Eccola di nuovo con noi (e nel racconto a puntate di Giuseppina Pieragostini), Susan Sarandon. Qui l’attrice è in una foto dal suo profilo Facebook mentre pubblicizza il film da lei prodotto “Deep Run”, documentario su un giovane transessuale alle prese con l’arretratezza culturale della zona rurale del Nord Carolina in cui vive (http://www.deeprunfilm.com/)

Continua il racconto L’età dell’indecenza:

Tu che hai sempre considerato il soma solo in quanto supporto della brillantezza della mente, al massimo una sede di personalità e stile, ti ritrovi come un segugio ad inseguire ogni segno della capitolazione del corpo, che sembra prendersi le sue rivincite su tutte le volte che non lo hai massaggiato, tonificato, coperto di fanghi miracolosi, bendato con balsami ed unguenti profumati. Mica come Portia.

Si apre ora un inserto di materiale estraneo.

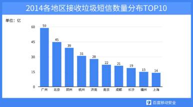 从地区分布看,广东用户收到的垃圾短信最多,高达59亿条,北京用户收到垃圾短信42亿条,排名第二,排名三到十位的分别是郑州、杭州、济南、南京、成都、长沙、福州和上海,皆为国内一线城市。分析认为,这些城市经济发展速度快,人民生活水平高,是垃圾短信肆虐的沃土。
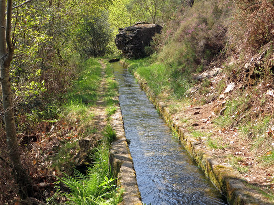 Die Pfeile führten mich zur Levada de Piscaredo, wo ich dann dem PR2 folgte. Er führt 8,8 km entlang der offenen Wasserleitung nach Mondim de Basto. Ein herrlicher Waldweg, auf dem man allerdings aufpassen muss, denn links ist ein Wildbach und rechts die Wasserleitung. Der Weg ist dort teilweise sehr schmal. Doch mir machte es großen Spass, hier zu wandern – auf der einen Seite das Plätschern der Wasserleitung und auf der anderen Seite das Tosen des Wildbaches.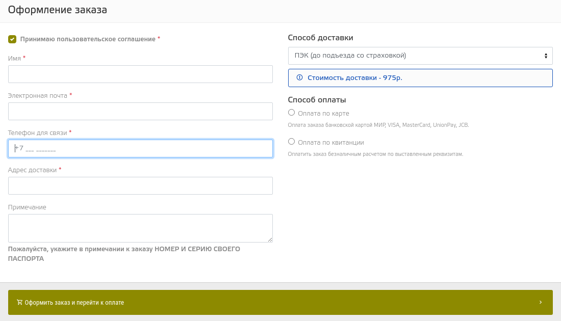 | Примите пользовательское соглашение и заполните обязательные поля Имя, Электронная почта, Телефон для связи, Адрес доставки. В правой части оформления заказа выберите способ доставки и оплаты заказа |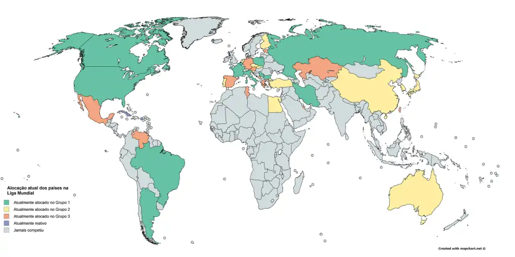 - Iniciando em 2014, a FIVB aumentou o número de participantes e dividiu as equipes em três diferentes divisões (denominados "Grupos"), de acordo com o ranking mundial.
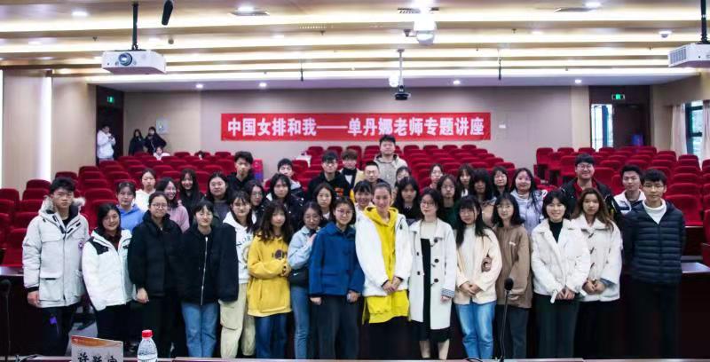 11月26日下午1点30,基础学院单丹娜老师在杨汛桥一楼报告厅给2019级同学讲述“中国女排和我”的故事,讲座由基础学院副院长许跃宇主持,邱辉明等学院领导和公体部、辅导员等教师到场聆听。
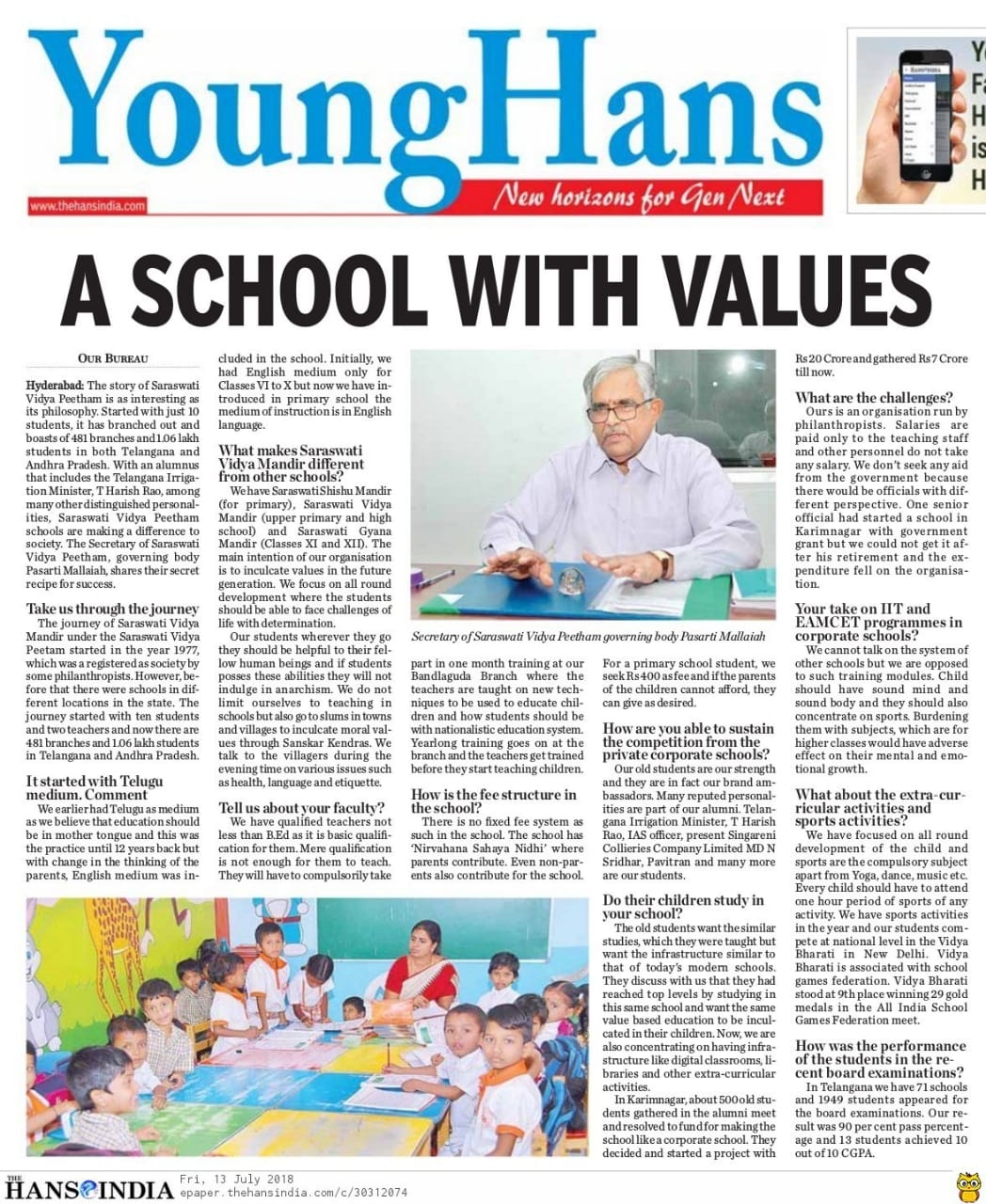 Hyderabad: The story of Saraswati Vidya Peetham is as interesting as its philosophy. Started with just 10 students, it has branched out and boasts of 481 branches and 1.06 lakh students in both Telangana and Andhra Pradesh. With an alumnus that includes the Telangana Irrigation Minister, T Harish Rao, among many other distinguished personalities, Saraswati Vidya Peetham schools are making a difference to society.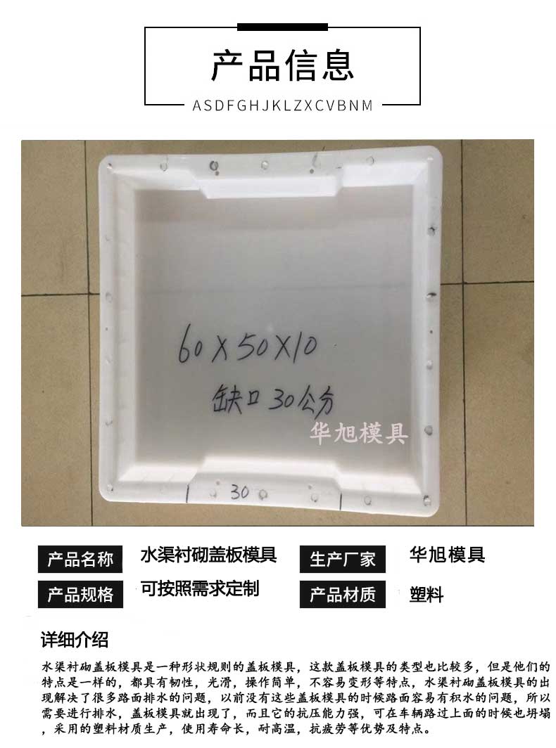 華旭可根據(jù)客戶需要定制200mm*400mm*100mm、250*500*80mm、250*500*120mm、300*500*100mm、300*450*100mm等各種規(guī)格型號(hào)的蓋板模具。
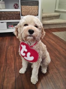 Wanted to let you know Vinny is doing great and he’s all excited for the Packer/Bear game on Sunday. We just love this guy so much. He’s been so easy to train and already sleeping in the kids bed. He loves long walks and cuddling on the couch. Thanks for breeding such sweet pups. Kelly Ballarini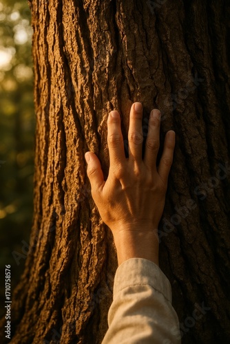 Human connection with nature through gentle tree touch showing environmental consciousness

Non ti puoi esimere dallo spiare ogni suo progressivo cedimento; il porco nemico non si lascia intimidire e se lunedì affiorano due venuzze sotto il ginocchio destro, martedì crolla la palpebra sinistra, mercoledì compare una ruga trasversale tra la guancia e la piega labiale, giovedì non puoi più ignorare un accumulo di grasso a un polso, venerdì si evidenzia la deviazione tanto improvvisa quanto sincrona degli alluci, sabato la cianciapella dei gomiti sbatte contro l’osso. Domenica festa. No, domenica sera compare una bella macchia bruna, l’ennesima, sul dorso della mano sinistra. Se qualcuno pensa che questo sia un artifizio letterario, si sbaglia o semplicemente non ha sessant’anni o si chiama Portia.

Il tutto si va a sommare al pieghettato sotto alle ascelle, al ballonzolo bizzarro del rivestimento carnoso dei femori, nonché di quello degli omeri, ai due corpi estranei che dipartendosi dalla mandibola vanno a ricongiungersi al collo.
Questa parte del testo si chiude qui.